Interview: The man who would be king fish

Part of the fish empire of the Lipscombe family
Part of the fish empire of the Lipscombe family

James Lipscombe knows a fair bit about fish and chips. His great-grandfather opened a fish and chips shop in 1923 in a town just outside of London called Romford. Ninety and bit more years later James now heads the biggest chain of fish and chips shops in the UK.

James is managing director of a company called The Chesterford Group, which oversees a group of fish and chip restaurants called Churchill’s Fish and Chips; fishnchickn, and Bankers. Altogether the Chesterford Group oversees around 40 outlets concentrated in southern England.

Arguably the most famous food in the UK, fish and chips is big business. It still tops the most popular takeaway food in the country every year, beating hamburger chains and curry takeaways – the latter being, like fish and chips, another British institution.

The person driving the business should be rewarded for the success of the business.

— James Lipscombe

Despite the business being around for nearly 100 years, James isn’t thinking too much about the philosophy of the long term. For him it’s about growth now and aggressive growth at that. He wants to swell revenues by 25% this year, which he hopes can be achieved by opening up to 10 new outlets. “We have a great business, but the challenge for us is to really grow it and make it even greater,” says the 35 year-old. Probably the long-term for James is four years when he sees having at least 80 outlets.

James’ determination isn’t just confined to the business growth plan, but is also about how he views the structure of a family business. “The person driving the business should be rewarded for the success of the business,” says James. He says this thinking – the one who leads it should also own it – is something he learnt from his father, Hugh, who is also chairman of the group. Hugh was determined that his side of the family, the ones who worked for the business directly, should own the business and bought his brothers out in a management buyout in 2008.

James is the youngest of three siblings, but the only member of the fourth generation involved in the business.

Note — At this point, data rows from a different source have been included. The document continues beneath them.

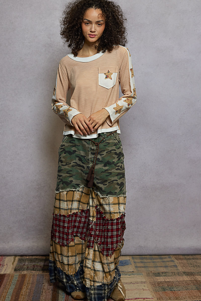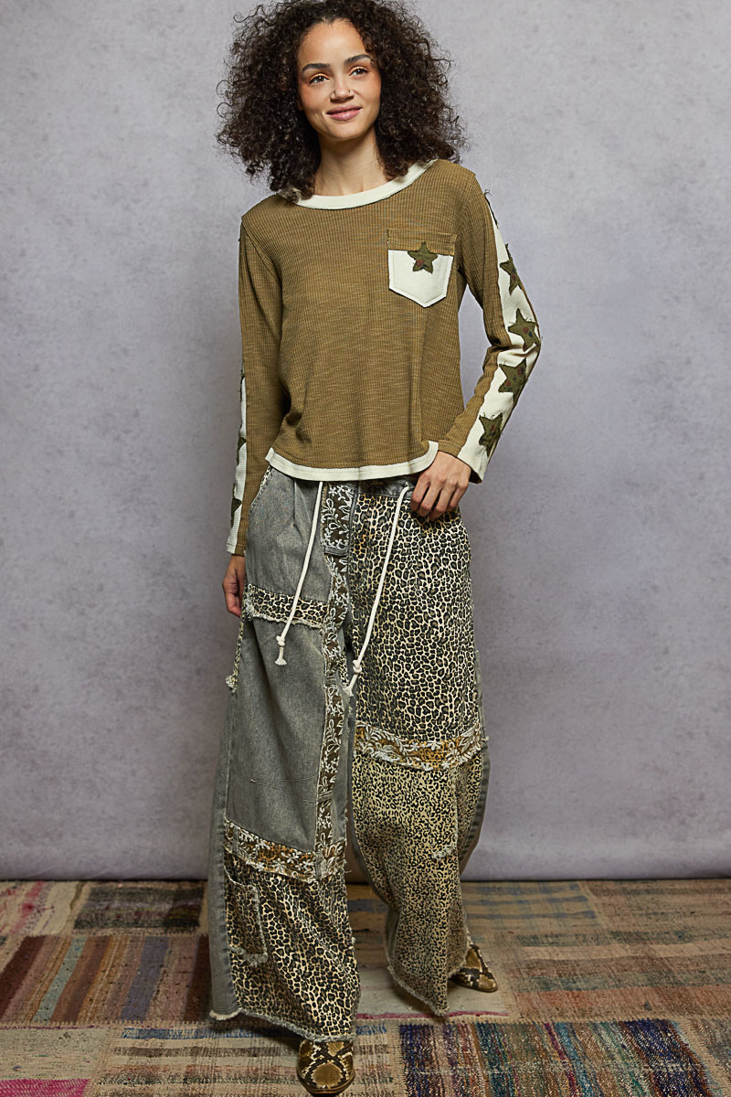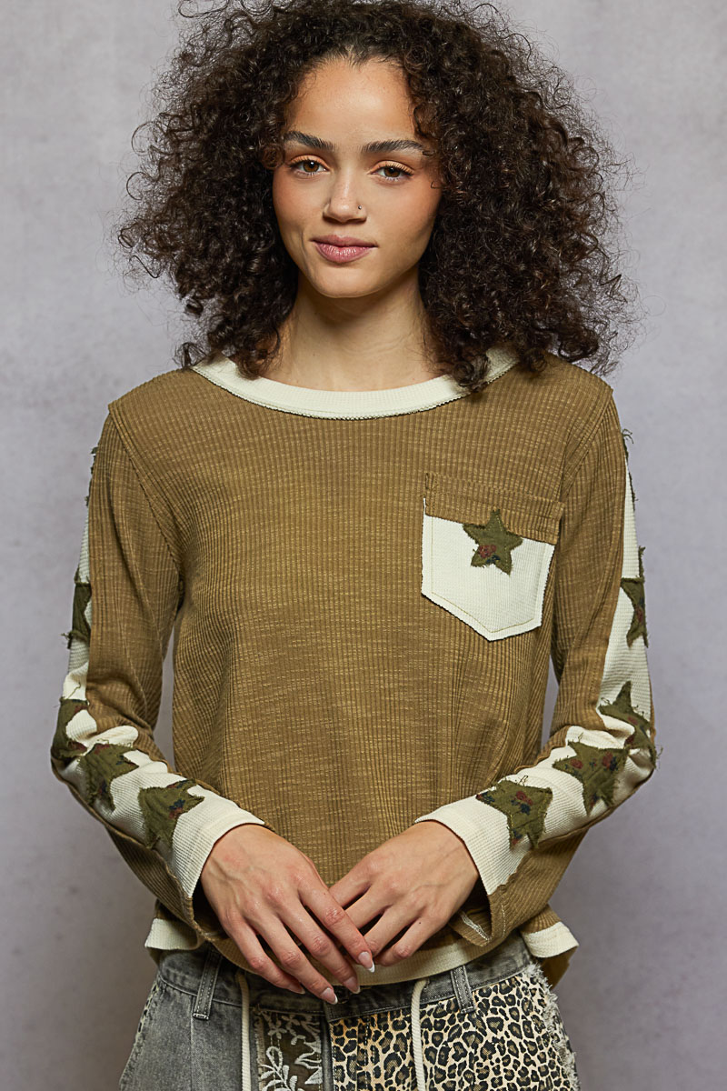 Add a touch of fun to your casual look with this round neck long sleeve t-shirt featuring a star patch. The star patch detail adds a playful and trendy twist to the classic long sleeve tee. Perfect for adding a pop of personality to your outfit. Versatile for layering or wearing on its own for a relaxed yet stylish vibe. Elevate your everyday style with this charming and eye-catching t-shirt.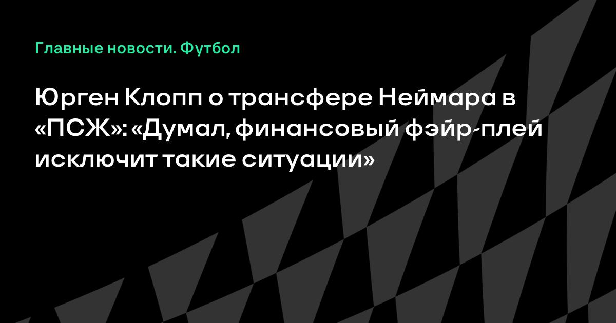 Юрген Клопп о трансфере Неймара в «ПСЖ»: «Думал, финансовый фэйр-плей исключит такие ситуации»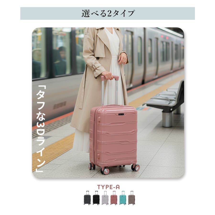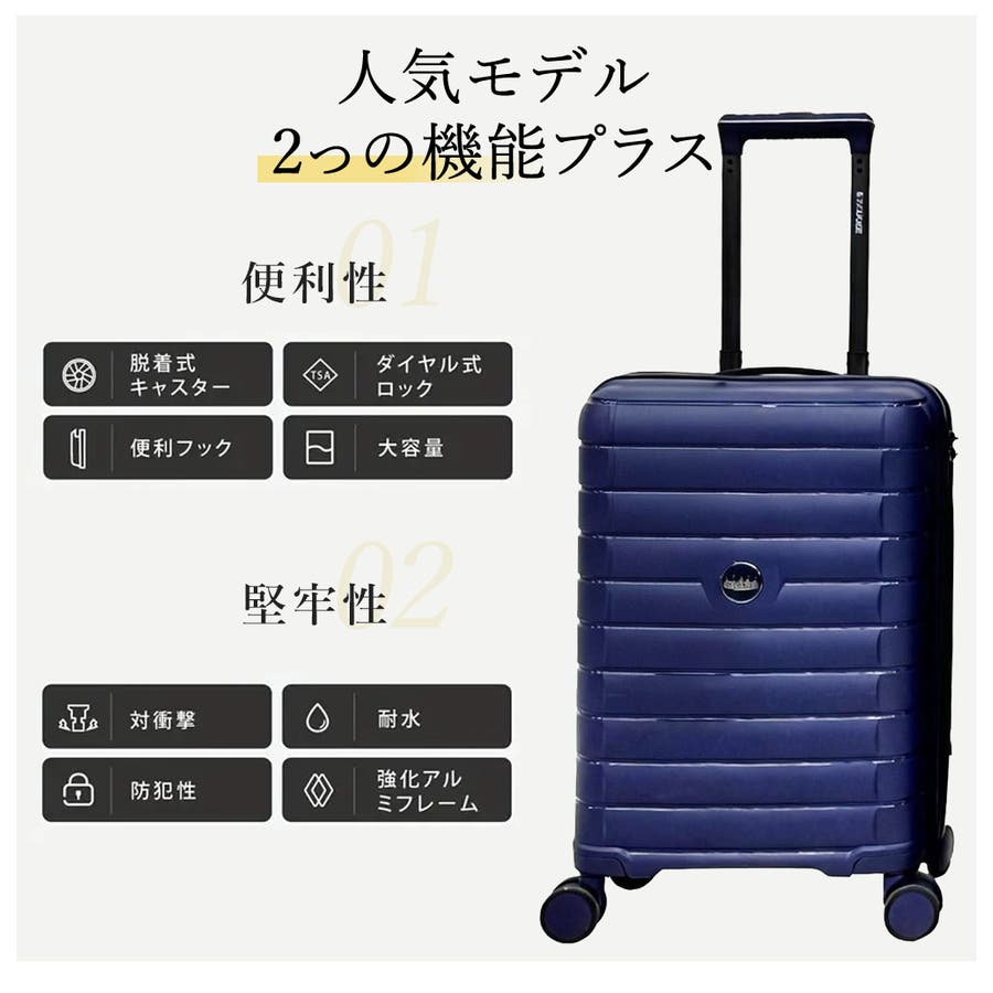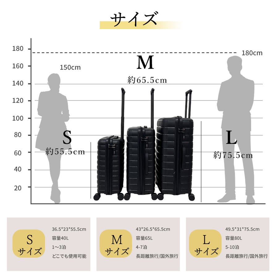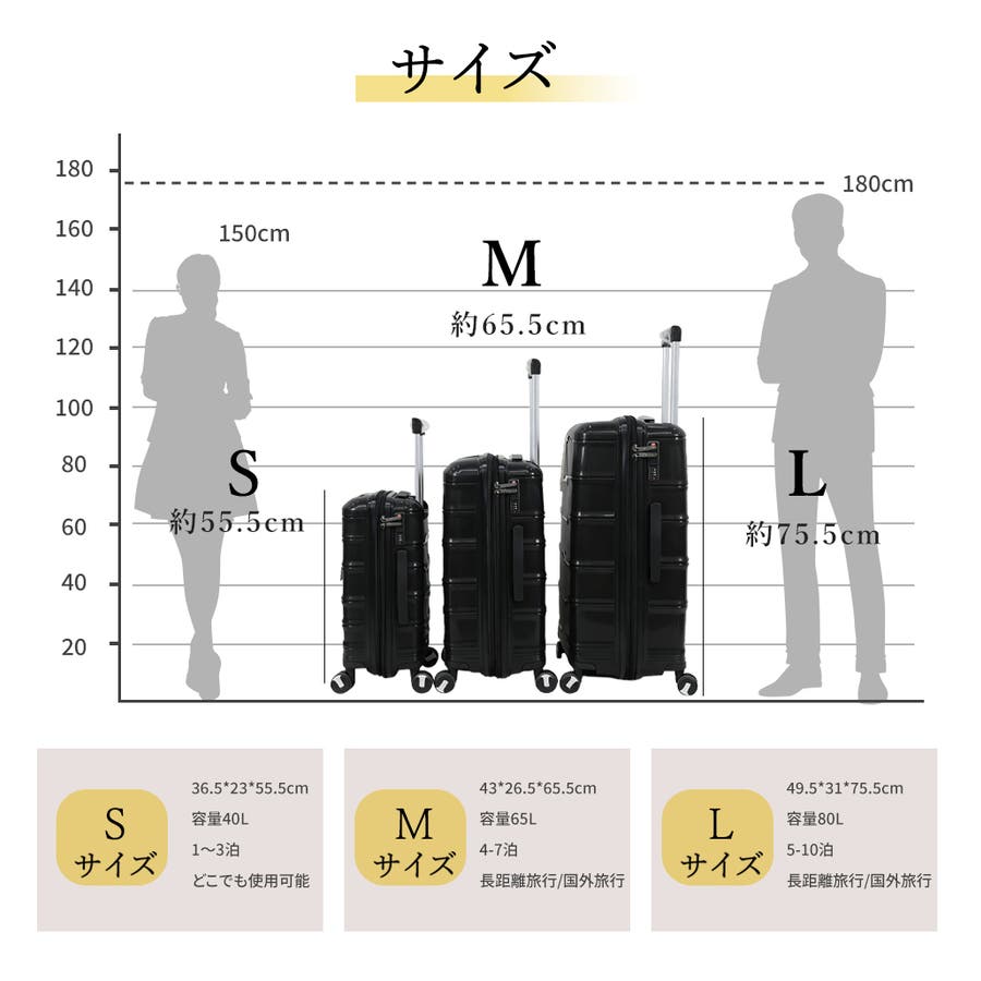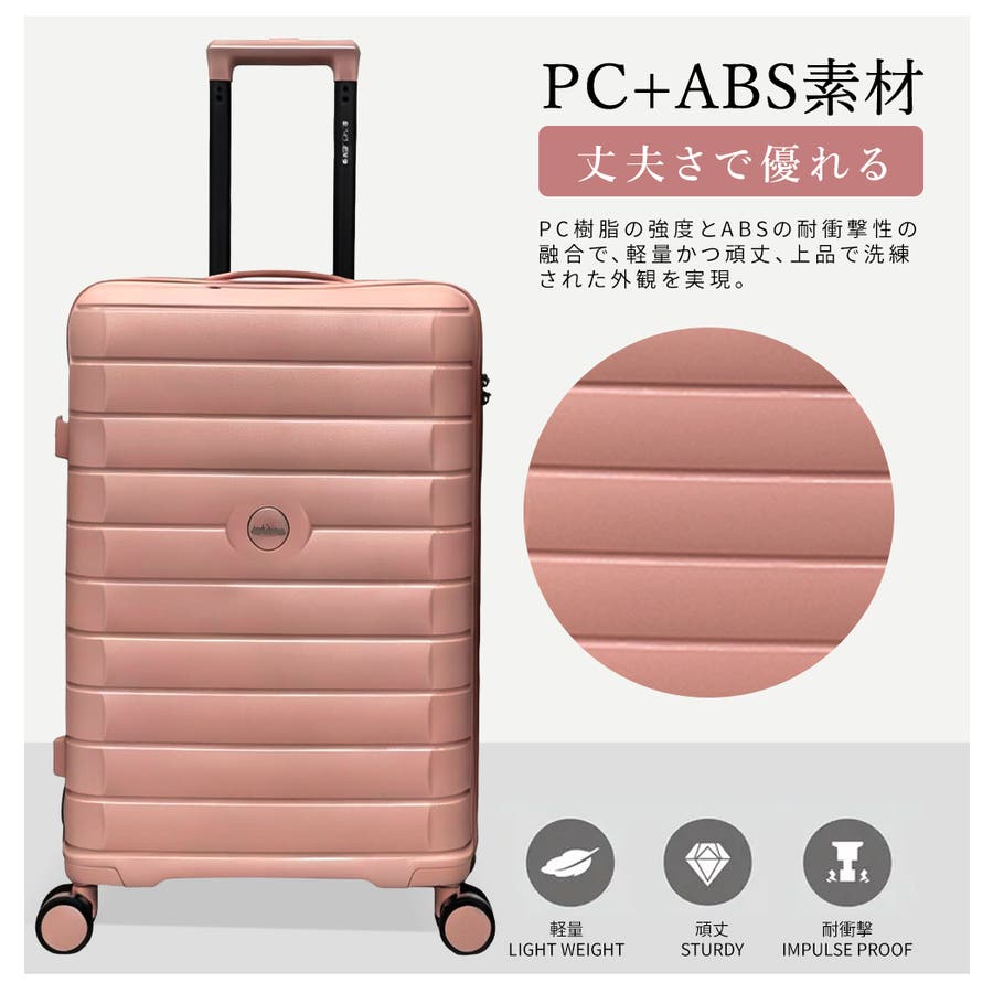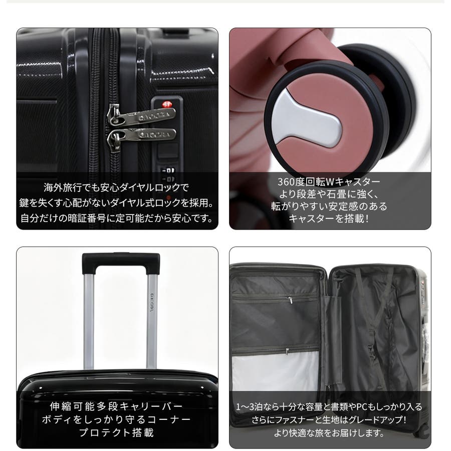 | 素材 | ・軽量設計で持ち運びラクラク ・静音360°ダブルキャスター ・TSAロック搭載 ・大容量収納 |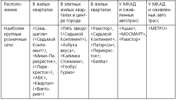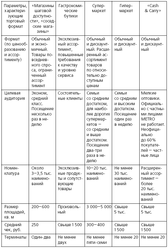 В качестве иллюстрации такой классификации можно привести форматы сетевых компаний, работающих в Москве (табл. 6.9).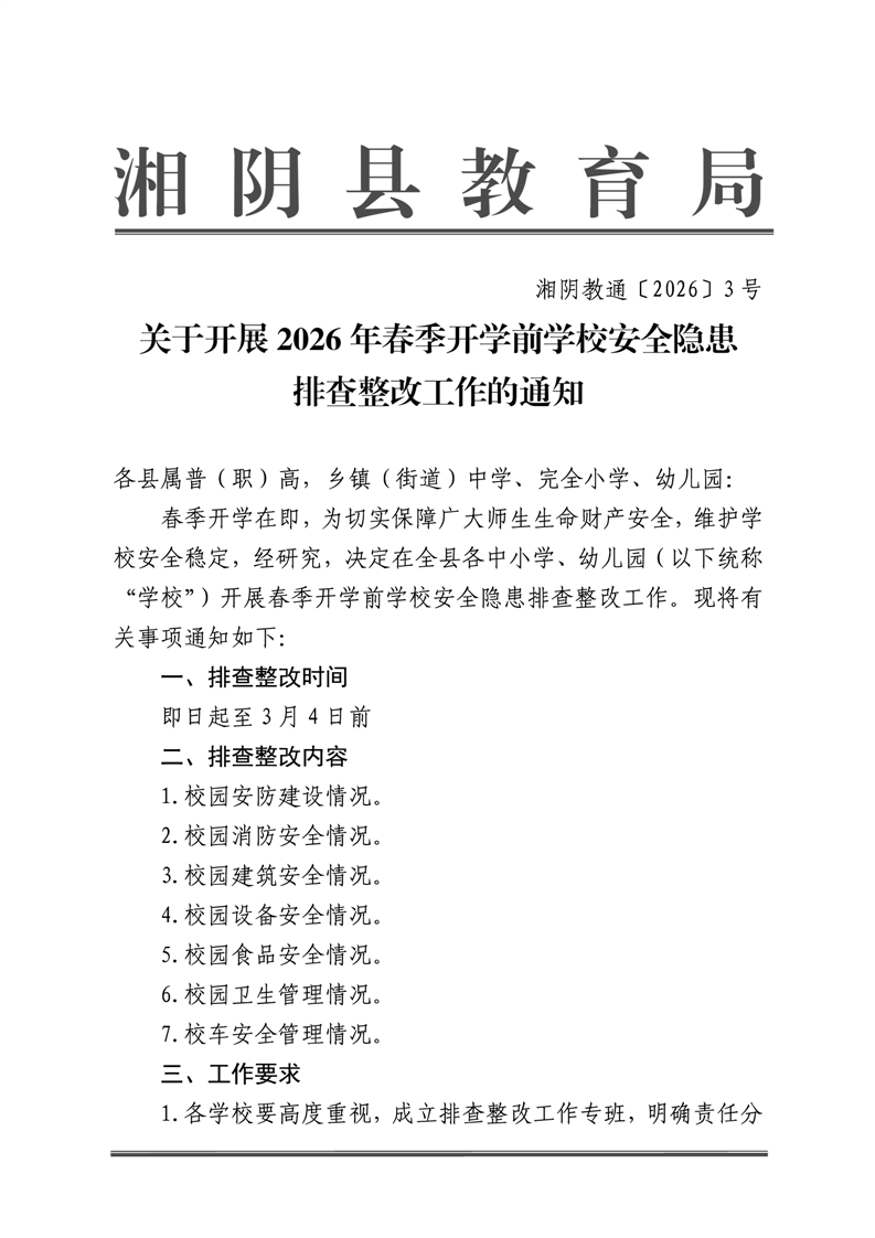 关于开展2026年春季开学前学校安全隐患排查整改工作的通知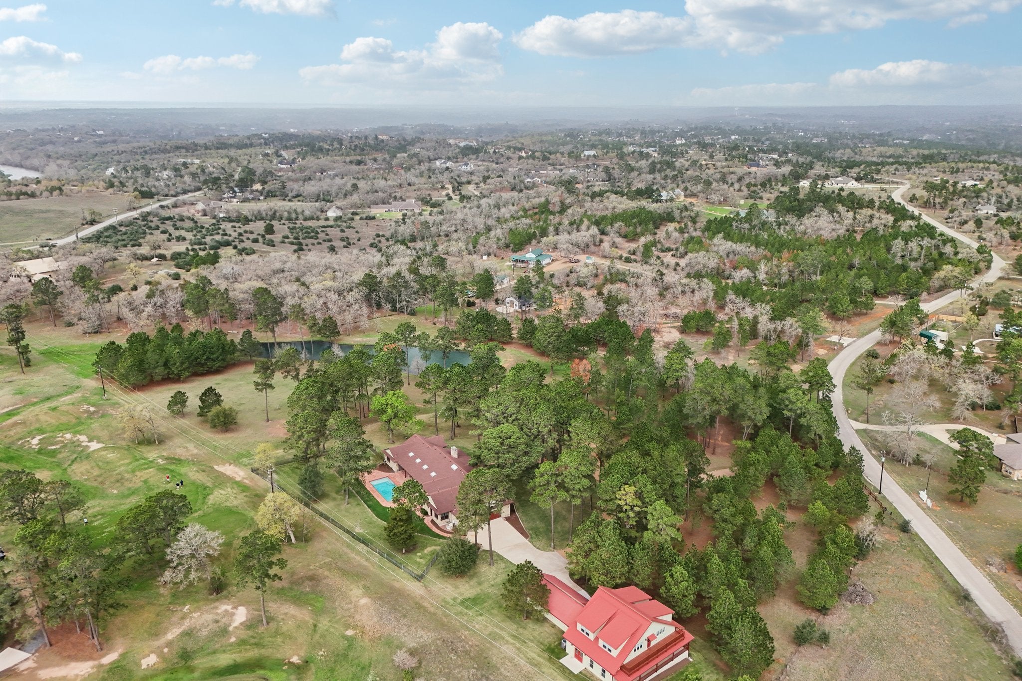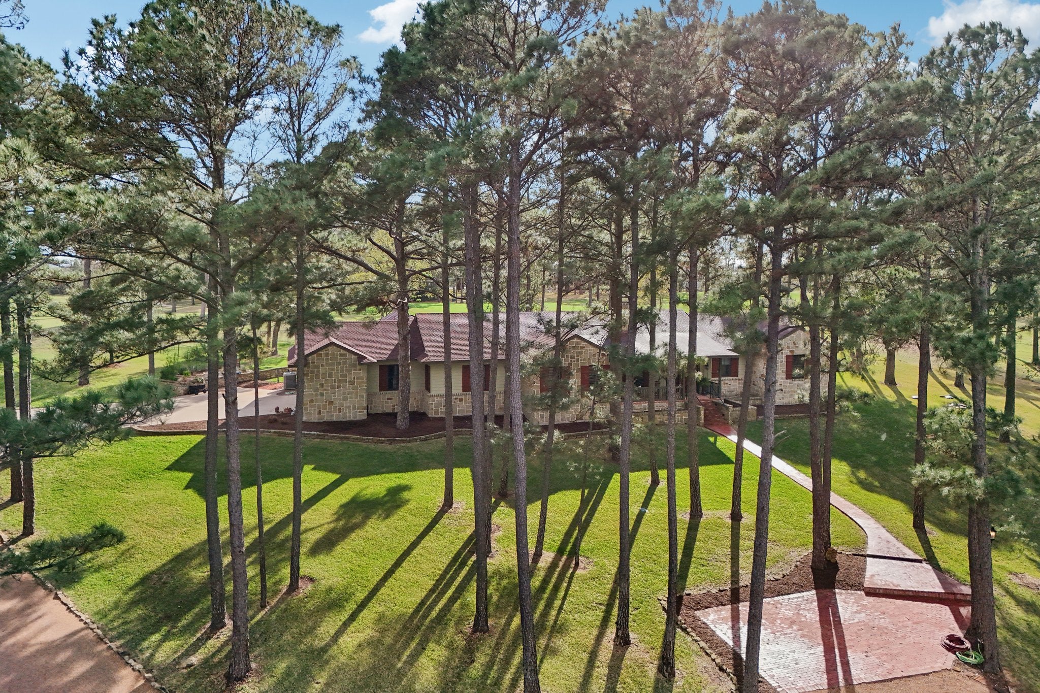 There are properties you compare, and then there are properties you can’t forget. This is one of them. Nearly 11 acres of pure Texas beauty with a sparkling pool and a 3,950 sq/ft. home positioned directly along the 12th and 13th holes of Colovista Golf Course, no HOA or MUD. A private 1-acre stocked lake (12–15 ft deep) full of bass, bluegill, tilapia, and carp, plus a full irrigation system fed by a private well. A 2,600 sq/ft. fully finished, air-conditioned barndominium offers four distinct sections: equipment storage, workshop, separate studio, and a 2-bedroom, 1-bath apartment with kitchen and living space. Surrounded by mature loblolly pines and accessed by a private drive, this serene haven sits just 10 minutes from downtown Bastrop and 30 minutes from downtown Austin. The 3,950 sq/ft. main home blends timeless craftsmanship with rustic elegance, featuring reclaimed wood, longleaf pine flooring, Austin stone and detailed trim throughout. A stone fireplace with a reclaimed wood mantel anchors the living area, opening through two sets of French doors to a covered outdoor patio overlooking the pool. The kitchen, thoughtfully remodeled in 2025, features new appliances, stunning countertops, backsplash, lighting, and a large island illuminated by a skylight above. All bathrooms remodeled in 2025. The detached four-section barn balances function and design with spaces for equipment storage, a workshop, and private studio. Upstairs, the 2-bedroom, 1-bath apartment offers a full kitchen, living area, and deck access with panoramic views that stretch for miles. And if that’s not enough, enjoy your very own 1-acre stocked lake. A dedicated well pump sustains the lake levels and supports the full irrigation system, ensuring the landscape remains vibrant. A rare retreat that is unforgettable and unmatched. Opportunities like this don’t come twice. Experience the balance of acreage, privacy, and refined luxury all just minutes from Bastrop and Austin.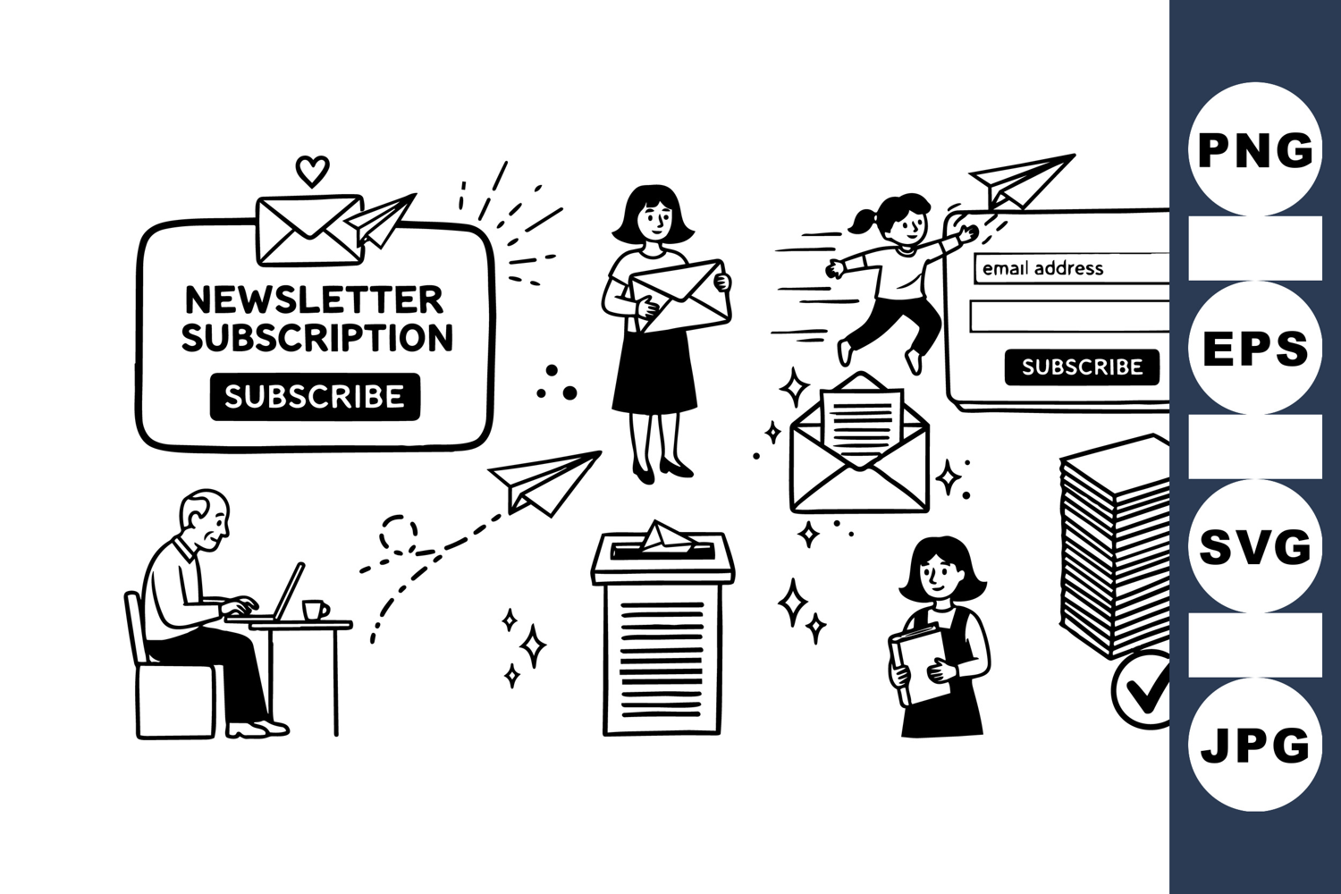Minimalistic black and white line art depicts business professionals sending newsletter subscription emails using paper planes and digital elements, conveying communication and marketing.

Like his father did with his brothers, James was involved in buying all of his siblings out of the group. James has also bought shares from his father and now controls 80% of the share capital of the business. The other 20% is still owned by Hugh.

For James it’s obvious that a clear definition of who owns the business is crucial to take the group forward. Maybe that determination to control things goes back to 1923 when Harold Lipscombe opened his fish and chip shop. A coal miner from Accrington, a town in Northern England, Harold was also an accomplished cricketer. From the money he made from the game Harold headed south and opened a fish and chips shop in Romford, which still exists and is still part of the group.

The next generation inherited that shop, but it wasn’t until Hugh and his two brothers took over in the early 1970s that the business gained momentum. “He took it to the next level, opening more outlets, and eventually led the management buyout,” says James.

James joined in 2000 straight out of school and worked for four years in the fish and chip outlets servicing customers, which he still does every Friday night. “Being a family business is very much about being in tune with the people around you and genuinely caring for their development and wellbeing as much as anything else.”

The closeness to the customer is something James reckons he couldn’t have had if he’d taken his studies further after leaving school. “If I’d done an MBA, would I have been as willing to stand in a fish and chip shop in my twenties cooking fish and chips on a Saturday night at 10pm? I’m not so sure.” he says. “That is the reality of our business, we are here to serve our customers wherever, whenever; the customers are not here to serve us.”

James reckons he gets more of the theoretical side of running a business from his membership of the Young Presidents Organisation. He says he uses it a lot, and that might be why he was recently voted by the group as the best networking officer in the UK.

Staff is also a priority for Chesterford and the group prides itself on very low staff turnover, says James. “We’ve had managers who’ve been working for the group for 40 years.” All the outlets are also closely linked to the community they serve with various charity initiatives.

James is clearly an entrepreneur with ambitious goals, put underneath these is someone connected to the best attributes of stakeholder values. He, of course, will need to take those values with him as he grows the business.

The inspiration to do so will no doubt come from his father and the generations before who laid the foundations of a great family business – and an even better fish and chips shop.